Figure A-5 shows the IBM zAware Heat Map view.
Figure A-5 IBM zAware Heat Map view analysis
Figure A-6 shows a sample bar score view.
Figure A-6 IBM zAware bar score with intervals
The analytics create a statistical model of the normal message traffic that is generated by each monitored client (system or group of systems, such as z/OS or Linux on z Systems). This model is stored in a database and is used to identify out-of-the-ordinary messages and patterns of messages.
Using a sliding 10-minute interval that is updated every two minutes, a current score for the interval is created based on the uniqueness of the message traffic:
A stable system requires a lower interval score to be marked as interesting or rare.
An unstable system requires a larger interval score to be marked as interesting or rare.
For each interval, IBM zAware provides details of all of the unique and unusual message IDs within the interval. This data includes how many, how rare, and how much the messages contributed to the intervals score (anomaly score, interval contribution score, rarity score, and appearance count) when they first appeared. IBM zAware also helps in identifying messages with the following conditions:
Whether the unusual message IDs are coming from a single component
Whether the message is a critical z/OS or Linux kernel message
Whether the messages are related to changes, such as new software levels (operating system, middleware, and applications) or updated system settings and configurations
IBM zAware detects conditions that typical monitoring systems miss because of these challenges:
Message suppression (message too common): Common messages are useful for long-term health issues.

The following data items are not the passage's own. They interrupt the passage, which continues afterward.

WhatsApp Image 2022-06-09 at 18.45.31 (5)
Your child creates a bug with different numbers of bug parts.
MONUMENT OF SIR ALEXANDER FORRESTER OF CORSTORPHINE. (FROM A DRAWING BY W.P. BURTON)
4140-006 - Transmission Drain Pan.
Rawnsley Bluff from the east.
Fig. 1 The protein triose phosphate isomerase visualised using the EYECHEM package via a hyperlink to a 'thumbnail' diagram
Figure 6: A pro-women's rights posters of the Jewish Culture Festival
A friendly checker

Uniqueness (message not common enough): These messages are useful for real-time event diagnostic procedures.
IBM zAware assigns a color to an interval based on the distribution of interval score:
Blue (Normal)
Interval score between 1- 99.5
Gold (Interesting)
Interval score between 99.6 - 100
Orange (Rare)
An interval score of 101
A.3.1 Training period
The IBM zAware server starts receiving current data from the z/OS system logger that runs on z/OS monitored clients and from Linux SYSLOG for Linux on z Systems monitored clients. However, the server cannot use this data for analysis until a model of normal system behavior exists.

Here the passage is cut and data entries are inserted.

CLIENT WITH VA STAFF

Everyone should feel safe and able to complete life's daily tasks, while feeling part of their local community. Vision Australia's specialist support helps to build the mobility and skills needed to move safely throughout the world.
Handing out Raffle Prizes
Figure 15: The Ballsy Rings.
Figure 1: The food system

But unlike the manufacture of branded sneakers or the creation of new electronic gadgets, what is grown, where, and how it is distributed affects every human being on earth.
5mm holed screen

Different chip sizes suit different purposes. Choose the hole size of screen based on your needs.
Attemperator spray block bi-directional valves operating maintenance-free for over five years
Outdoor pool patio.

The minimum amount of data for building the most accurate models is 90 days of data for each client. By default, training automatically runs every 30 days. You can modify the number of days that are required for this training period, based on your knowledge of the workloads that run on z/OS monitored clients. This training period applies for all monitored clients. Different training periods cannot be defined for each client.
A.3.2 Priming IBM zAware
Instead of waiting for the IBM zAware server to collect data over the course of the training period, you can prime the server. You do so by transferring prior data for monitored clients and requesting that the server build a model for each client from the transferred data. Currently, the bulk transfer of Linux historical data is not supported.

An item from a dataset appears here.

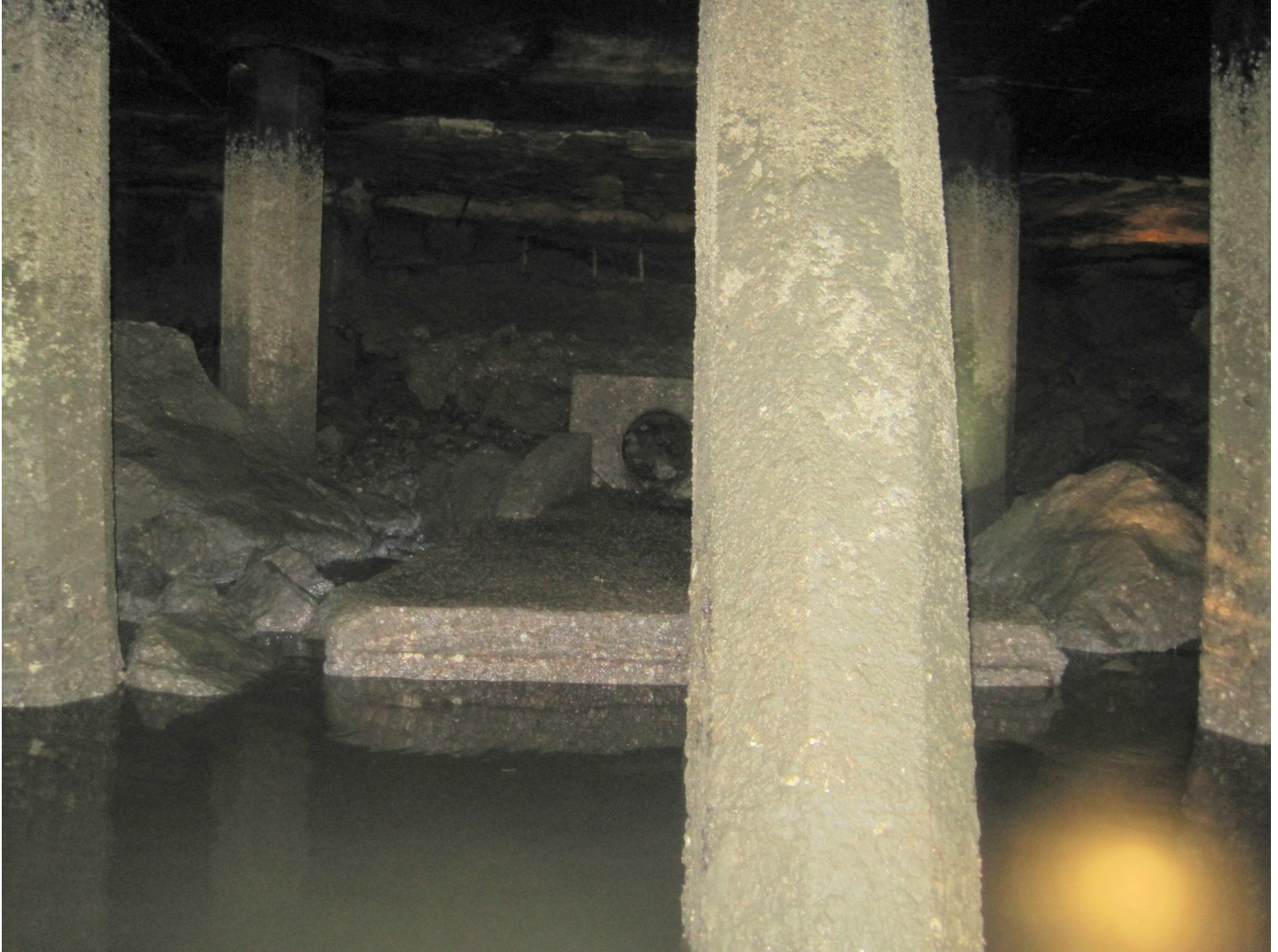
Photo 2. Drain underneath seawall

A.3.3 IBM zAware ignore message support
When a new workload is added to a system being monitored by IBM zAware or is moved to a different system, it often generates messages that are not part of that system’s model. Subsequently, these messages are flagged as anomalous and cause orange bars to appear on the IBM zAware analysis window.
Sometimes, the reporting of anomalous behavior is caused solely by the new workload, but sometimes a real problem is present as well. Therefore, it is not appropriate to automatically mark all the messages as “normal” when new workloads are introduced. IBM zAware on z13, zEC12, and zBC12 with Driver level 15 introduces the ignore message support to give you input into the IBM zAware rules. This function allows you to mark messages as “ignore.” An ignored message is not part of the IBM zAware interval anomaly scoring, although it appears in the output.
The first iteration of this work requires you to mark each message to be ignored on a per system basis. That is, for each message that you want to ignore, you must mark that particular message on each system for which IBM zAware is to ignore the message. You can choose from one of two types of ignore message: Until the next training period occurs (automatic or manual train) or forever.
A.3.4 IBM zAware graphical user interface
IBM zAware creates XML data with the status of the z/OS, Linux image, and details about the message traffic. This data is rendered by the web server that runs as a part of IBM zAware. The web server is available using a standard web browser (Internet Explorer or Mozilla Firefox).
IBM zAware provides an easy-to-use, browser-based GUI with relative weighting and color coding. For IBM messages, IBM zAware GUI has a link to the message description that often includes a corrective action for the issue that is highlighted by the message.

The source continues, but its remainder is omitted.